Copy out the listing in full, exactly as written, but not its pictures.

● **RECORDED DATA**

══════

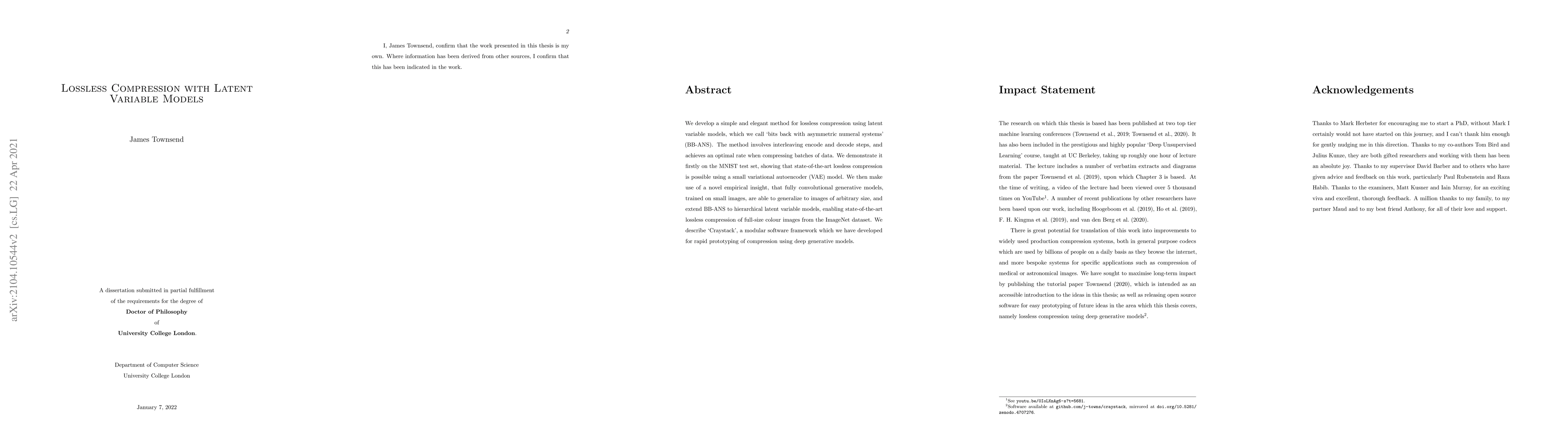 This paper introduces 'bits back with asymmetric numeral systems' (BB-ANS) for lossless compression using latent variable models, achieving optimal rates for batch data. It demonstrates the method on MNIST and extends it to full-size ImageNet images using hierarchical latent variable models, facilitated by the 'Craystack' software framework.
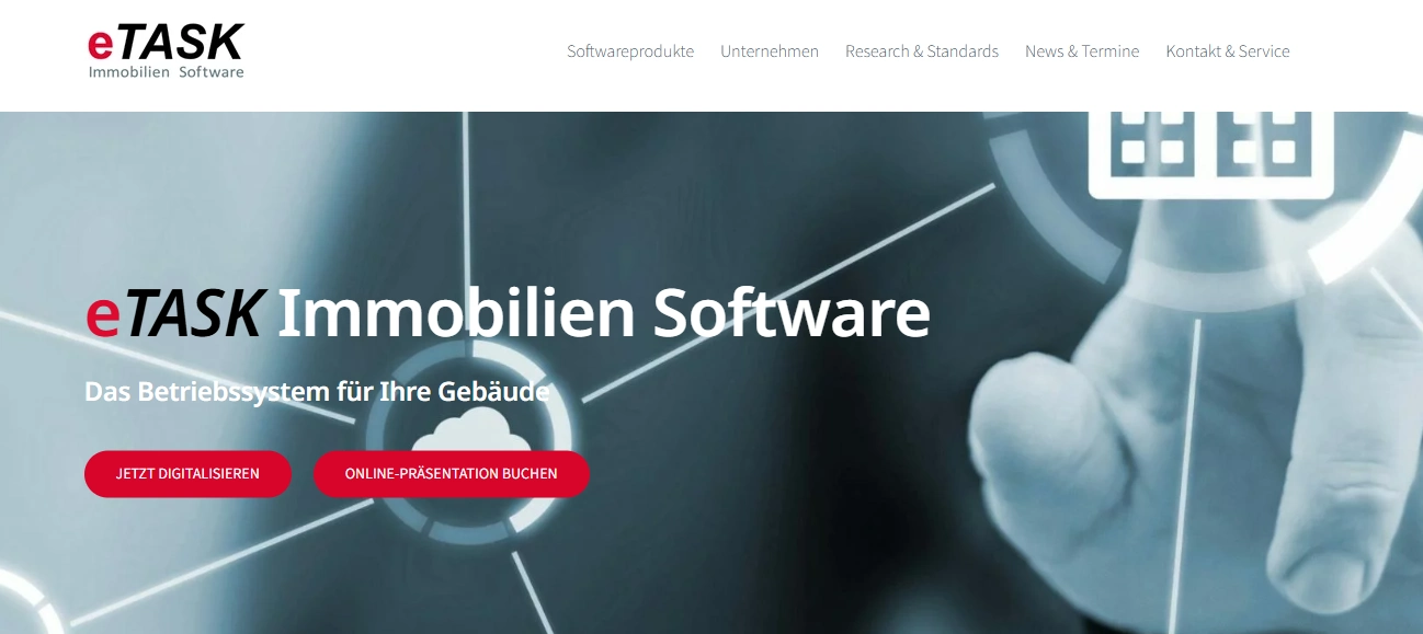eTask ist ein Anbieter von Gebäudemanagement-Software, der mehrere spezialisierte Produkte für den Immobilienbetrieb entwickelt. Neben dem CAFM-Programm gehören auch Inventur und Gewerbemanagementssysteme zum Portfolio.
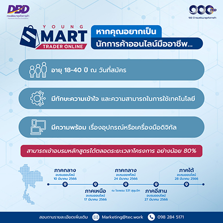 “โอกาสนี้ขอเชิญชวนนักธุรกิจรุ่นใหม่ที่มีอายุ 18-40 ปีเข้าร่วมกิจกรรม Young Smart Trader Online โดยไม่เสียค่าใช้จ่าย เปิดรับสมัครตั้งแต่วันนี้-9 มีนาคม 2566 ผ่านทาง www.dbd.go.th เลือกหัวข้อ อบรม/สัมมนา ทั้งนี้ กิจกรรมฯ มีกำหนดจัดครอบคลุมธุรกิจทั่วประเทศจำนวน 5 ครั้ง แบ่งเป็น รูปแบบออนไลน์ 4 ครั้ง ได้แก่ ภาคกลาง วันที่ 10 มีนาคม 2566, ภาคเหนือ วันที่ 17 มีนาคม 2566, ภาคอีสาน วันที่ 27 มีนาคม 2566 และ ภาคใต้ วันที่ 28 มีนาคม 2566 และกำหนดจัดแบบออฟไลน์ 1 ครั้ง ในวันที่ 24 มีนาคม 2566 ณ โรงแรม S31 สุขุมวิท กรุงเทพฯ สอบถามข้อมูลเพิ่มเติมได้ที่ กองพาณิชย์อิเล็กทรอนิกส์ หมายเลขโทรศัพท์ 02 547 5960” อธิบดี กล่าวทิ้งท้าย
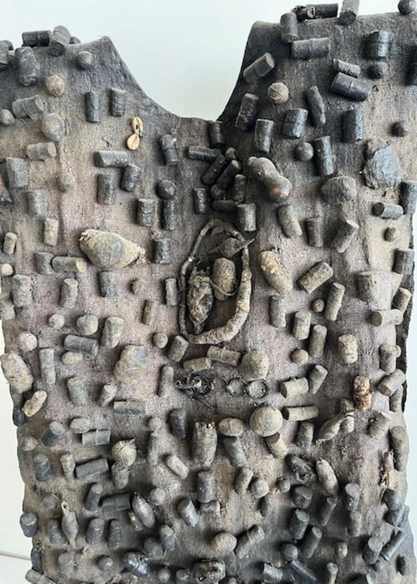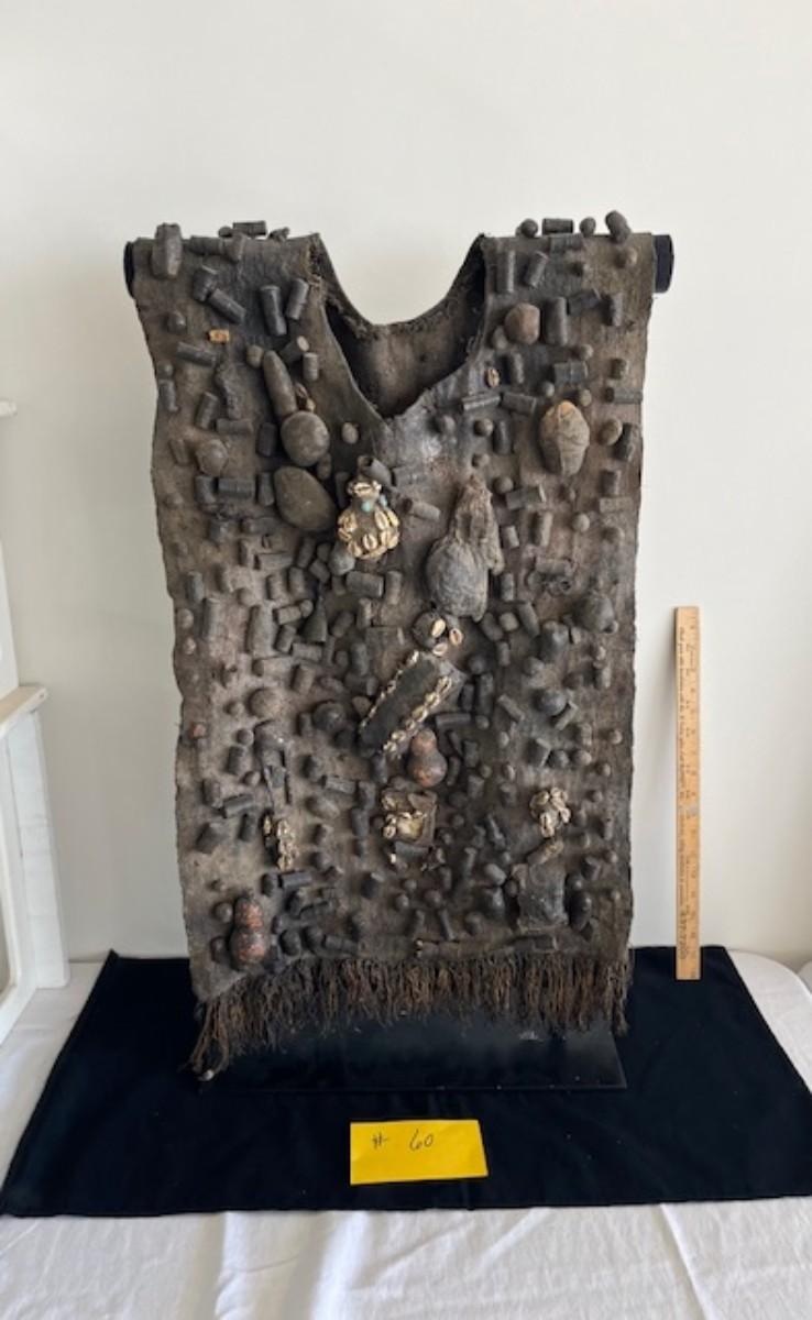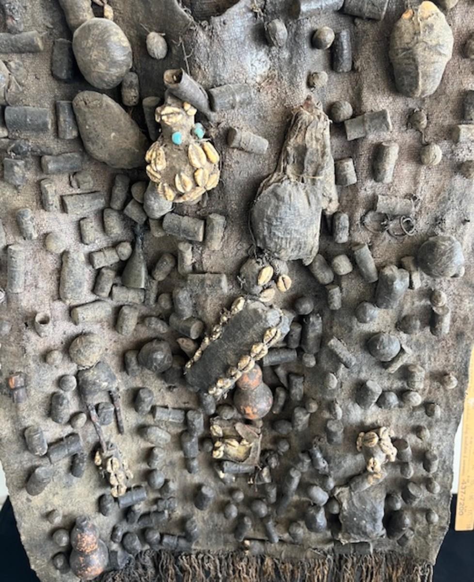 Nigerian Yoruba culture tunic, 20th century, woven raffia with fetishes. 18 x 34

══════

● **SOLVED EXERCISE**
 This paper introduces 'bits back with asymmetric numeral systems' (BB-ANS) for lossless compression using latent variable models, achieving optimal rates for batch data. It demonstrates the method on MNIST and extends it to full-size ImageNet images using hierarchical latent variable models, facilitated by the 'Craystack' software framework.
eTask ist ein Anbieter von Gebäudemanagement-Software, der mehrere spezialisierte Produkte für den Immobilienbetrieb entwickelt. Neben dem CAFM-Programm gehören auch Inventur und Gewerbemanagementssysteme zum Portfolio.
 “โอกาสนี้ขอเชิญชวนนักธุรกิจรุ่นใหม่ที่มีอายุ 18-40 ปีเข้าร่วมกิจกรรม Young Smart Trader Online โดยไม่เสียค่าใช้จ่าย เปิดรับสมัครตั้งแต่วันนี้-9 มีนาคม 2566 ผ่านทาง www.dbd.go.th เลือกหัวข้อ อบรม/สัมมนา ทั้งนี้ กิจกรรมฯ มีกำหนดจัดครอบคลุมธุรกิจทั่วประเทศจำนวน 5 ครั้ง แบ่งเป็น รูปแบบออนไลน์ 4 ครั้ง ได้แก่ ภาคกลาง วันที่ 10 มีนาคม 2566, ภาคเหนือ วันที่ 17 มีนาคม 2566, ภาคอีสาน วันที่ 27 มีนาคม 2566 และ ภาคใต้ วันที่ 28 มีนาคม 2566 และกำหนดจัดแบบออฟไลน์ 1 ครั้ง ในวันที่ 24 มีนาคม 2566 ณ โรงแรม S31 สุขุมวิท กรุงเทพฯ สอบถามข้อมูลเพิ่มเติมได้ที่ กองพาณิชย์อิเล็กทรอนิกส์ หมายเลขโทรศัพท์ 02 547 5960” อธิบดี กล่าวทิ้งท้าย
 Nigerian Yoruba culture tunic, 20th century, woven raffia with fetishes. 18 x 34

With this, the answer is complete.